**Work to be completed:** One exact copy of the listing is needed. It should contain no pictures.

**Information supplied:**
*** Begin section ***

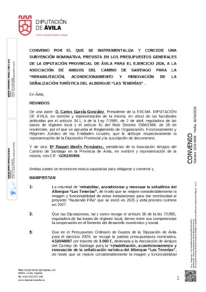 2026-0045.- DA0537 - Subvenciones nominativas -- SIA 2838110 -- 2311 TURISMO (Tramitación) -- Expediente 3282/2026 -- G05193859 ASOCIACION AMIGOS DEL CAMINO DE SANTIAGO EN AVILA -- Convenio de la Asociación de los Amigos del Camino de Santiago --
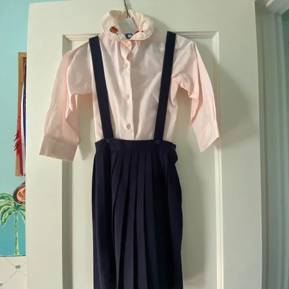 Couture avec ATTITUDEdesigner . Very special outfit for your daughter. Embroidered wool jacket with roll up sleeves.Matching long sleeve embroidered blouse on collarPleated skirt with button suspenders and side buttons.
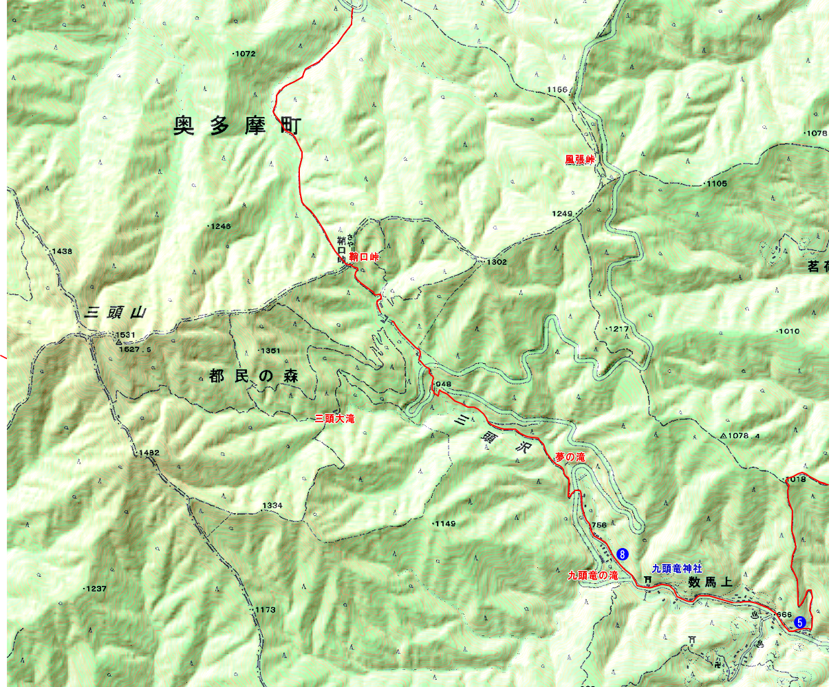 吉祥寺滝 1m 3段 橘峡 龍神の滝 18m (ムジナ滝) 九頭龍の滝 10m (横道の滝)夢の滝 19m (滑滝) 三頭大滝 35m 檜原都民の森 綾滝 21m (泡滝)天狗の滝 38m 払沢の滝遊歩道から遠望できます

*** End section ***

**Exercise result:**
 2026-0045.- DA0537 - Subvenciones nominativas -- SIA 2838110 -- 2311 TURISMO (Tramitación) -- Expediente 3282/2026 -- G05193859 ASOCIACION AMIGOS DEL CAMINO DE SANTIAGO EN AVILA -- Convenio de la Asociación de los Amigos del Camino de Santiago --
 Couture avec ATTITUDEdesigner . Very special outfit for your daughter. Embroidered wool jacket with roll up sleeves.Matching long sleeve embroidered blouse on collarPleated skirt with button suspenders and side buttons.
 吉祥寺滝 1m 3段 橘峡 龍神の滝 18m (ムジナ滝) 九頭龍の滝 10m (横道の滝)夢の滝 19m (滑滝) 三頭大滝 35m 檜原都民の森 綾滝 21m (泡滝)天狗の滝 38m 払沢の滝遊歩道から遠望できます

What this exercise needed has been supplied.